═════ EXTRACTED MATERIAL ═════
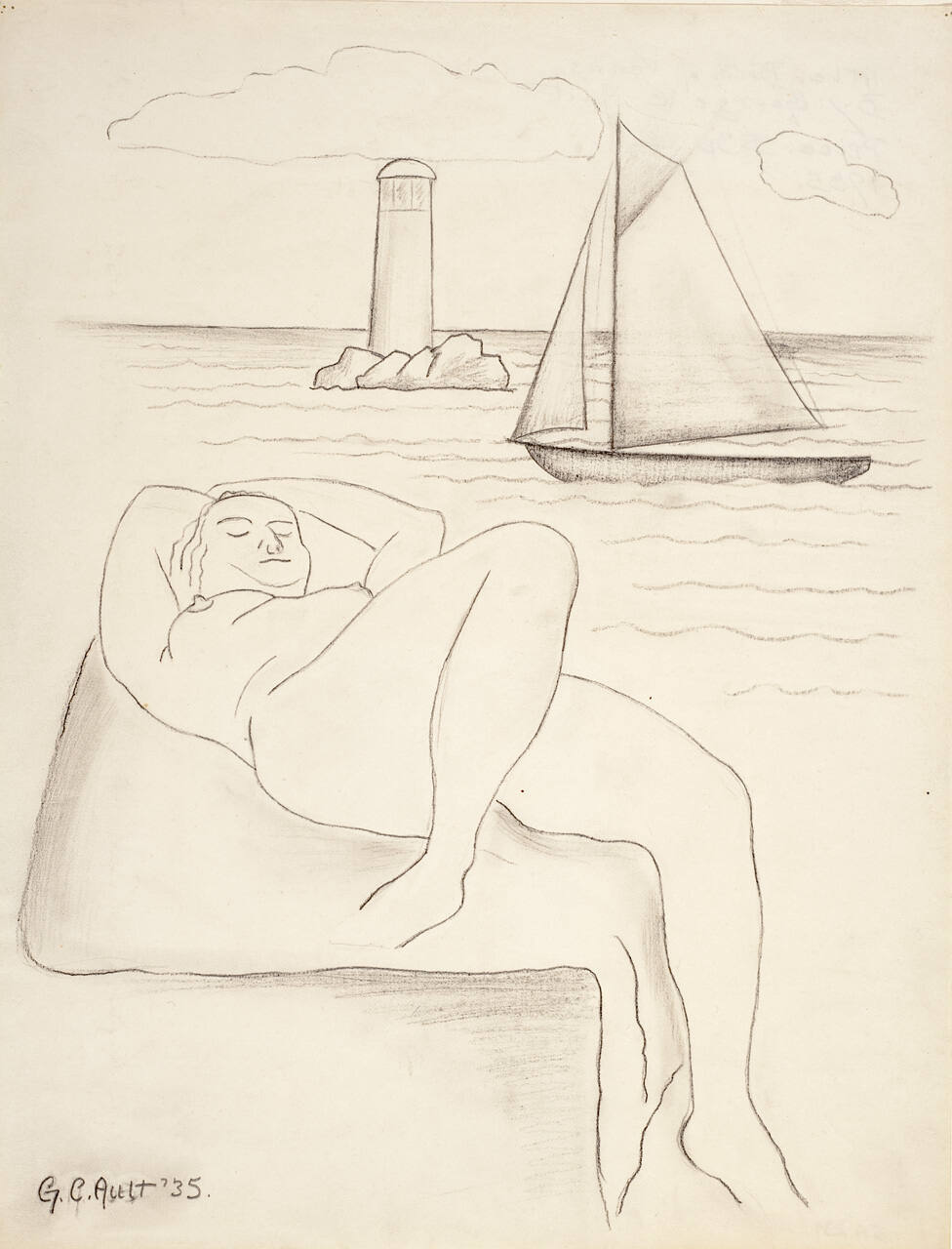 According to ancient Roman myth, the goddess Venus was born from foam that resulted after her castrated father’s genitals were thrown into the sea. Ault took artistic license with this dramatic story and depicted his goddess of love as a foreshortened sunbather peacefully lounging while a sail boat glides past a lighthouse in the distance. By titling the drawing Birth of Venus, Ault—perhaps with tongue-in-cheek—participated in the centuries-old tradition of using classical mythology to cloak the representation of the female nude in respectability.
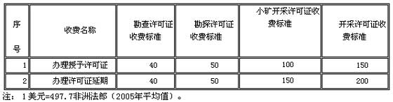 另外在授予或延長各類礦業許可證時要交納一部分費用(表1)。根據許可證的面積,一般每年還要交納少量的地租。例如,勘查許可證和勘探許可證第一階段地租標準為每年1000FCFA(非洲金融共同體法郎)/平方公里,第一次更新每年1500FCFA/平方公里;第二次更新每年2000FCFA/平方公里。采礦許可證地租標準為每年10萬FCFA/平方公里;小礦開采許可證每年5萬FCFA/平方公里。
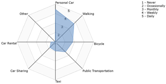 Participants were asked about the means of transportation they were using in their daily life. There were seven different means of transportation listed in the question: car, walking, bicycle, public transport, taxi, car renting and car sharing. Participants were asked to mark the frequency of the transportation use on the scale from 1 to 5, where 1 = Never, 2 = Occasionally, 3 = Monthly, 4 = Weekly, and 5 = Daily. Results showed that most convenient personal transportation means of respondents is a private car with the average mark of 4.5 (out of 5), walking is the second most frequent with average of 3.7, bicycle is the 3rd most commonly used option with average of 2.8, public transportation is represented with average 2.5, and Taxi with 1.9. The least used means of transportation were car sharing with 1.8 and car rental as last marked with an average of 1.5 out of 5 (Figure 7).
═════
═════ EXTRACTED MATERIAL ═════
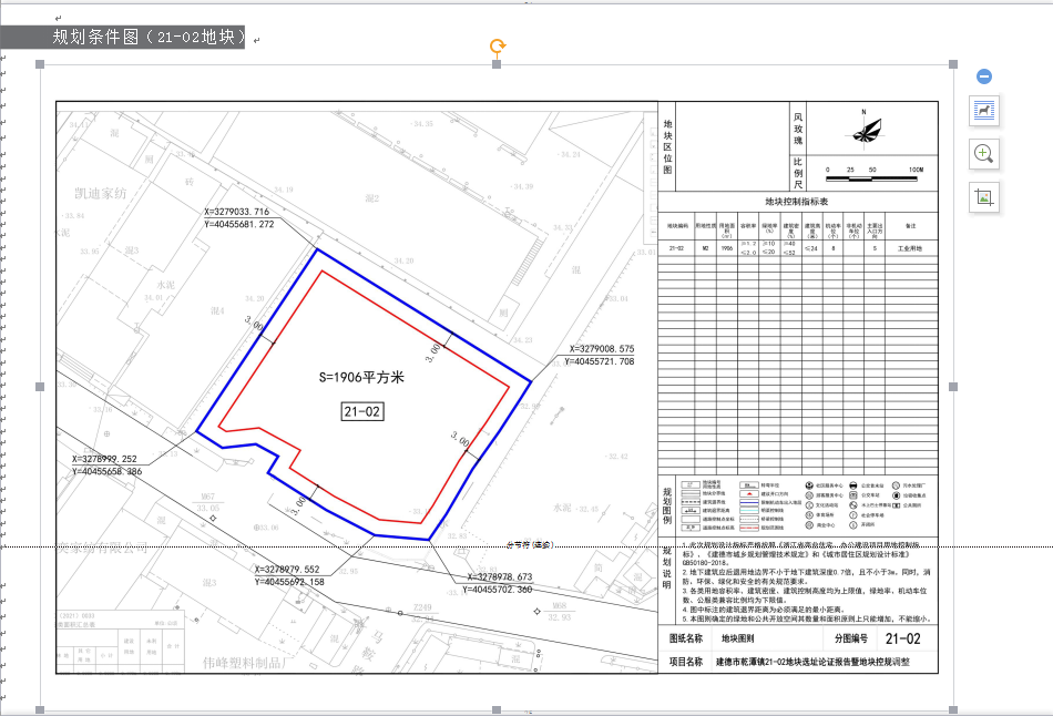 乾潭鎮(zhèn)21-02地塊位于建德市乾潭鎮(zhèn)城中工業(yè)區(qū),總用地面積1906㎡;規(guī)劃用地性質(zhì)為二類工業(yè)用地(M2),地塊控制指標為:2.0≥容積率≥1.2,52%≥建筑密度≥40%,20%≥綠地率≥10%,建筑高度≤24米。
═════
Within the listing above, the lines starting at the one containing "According to ancient" and ending at the one containing "另外在授予或延長各類礦業許可" are to be returned exactly. Omit the pictures.

### [WRITTEN ANSWER]
 According to ancient Roman myth, the goddess Venus was born from foam that resulted after her castrated father’s genitals were thrown into the sea. Ault took artistic license with this dramatic story and depicted his goddess of love as a foreshortened sunbather peacefully lounging while a sail boat glides past a lighthouse in the distance. By titling the drawing Birth of Venus, Ault—perhaps with tongue-in-cheek—participated in the centuries-old tradition of using classical mythology to cloak the representation of the female nude in respectability.
 另外在授予或延長各類礦業許可證時要交納一部分費用(表1)。根據許可證的面積,一般每年還要交納少量的地租。例如,勘查許可證和勘探許可證第一階段地租標準為每年1000FCFA(非洲金融共同體法郎)/平方公里,第一次更新每年1500FCFA/平方公里;第二次更新每年2000FCFA/平方公里。采礦許可證地租標準為每年10萬FCFA/平方公里;小礦開采許可證每年5萬FCFA/平方公里。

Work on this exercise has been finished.